Carpediem Capital Exits Flipspaces with 9× Returns
Venture capital firm Carpediem Capital has fully exited its investment in Flipspaces, an interior design and technology startup, delivering a 9× multiple on invested capital and an internal rate of return (IRR) of approximately 40%. The exit occurred through a secondary sale during Flipspaces’ $50 million Series C funding round, which valued the company at around $120 million. This successful exit adds to Carpediem Capital’s track record of profitable investments.

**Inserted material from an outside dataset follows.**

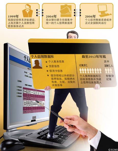 我国征信体系建设始于1999年。当年,上海开展个人消费信用信息服务试点;2004年,商业银行建立全国集中统一的个人信用数据库;2006年该数据库建成并正式全国联网运行。截至2012年年底,个人信用数据库已经收录了近8.2亿自然人的信息并为他们建立了信用档案,其中2.9亿人有信贷记录,全年累计查询分别约2.7亿次。/CFP
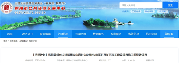 10月24日,安徽省銅陵市公共資源交易中心發(fā)布樅陽縣螺絲尖建筑用安山巖礦980萬噸/年采礦及礦石加工建設(shè)項目施工圖設(shè)計項目招標(biāo)計劃,計劃招標(biāo)時間2023年11月。招標(biāo)人為安徽玄武新材料有限公司。

Zeropearl VC Closes ₹159 Crore Solo GP Fund for Pre-Seed Startups
Zeropearl VC, led by veteran investor Bipin Shah, has closed its maiden solo general partner (GP) fund at INR 159 crore, oversubscribed 3.5 times its original INR 80 crore target. The fund aims to invest in pre-seed startups across sectors such as AI, climate tech, and healthtech, with a focus on founders from Tier-2 and Tier-3 cities. Shah, formerly a partner at Titan Capital, brings over 14 years of experience and a record of evaluating more than 50,000 startups. The fund’s selective investment approach and founder-led backing reflect confidence in India’s startup ecosystem despite the global venture capital slowdown.
Virat Kohli-Backed WROGN Faces 32% Increase in FY25 Losses
Fashion brand co-owned by cricketer Virat Kohli, WROGN, reported a 32% increase in its losses for the financial year 2025, reaching INR 76 crore. The company attributes the rise in losses to increased marketing expenditures and expansion costs. Despite the financial challenges, WROGN continues to focus on brand growth and market presence.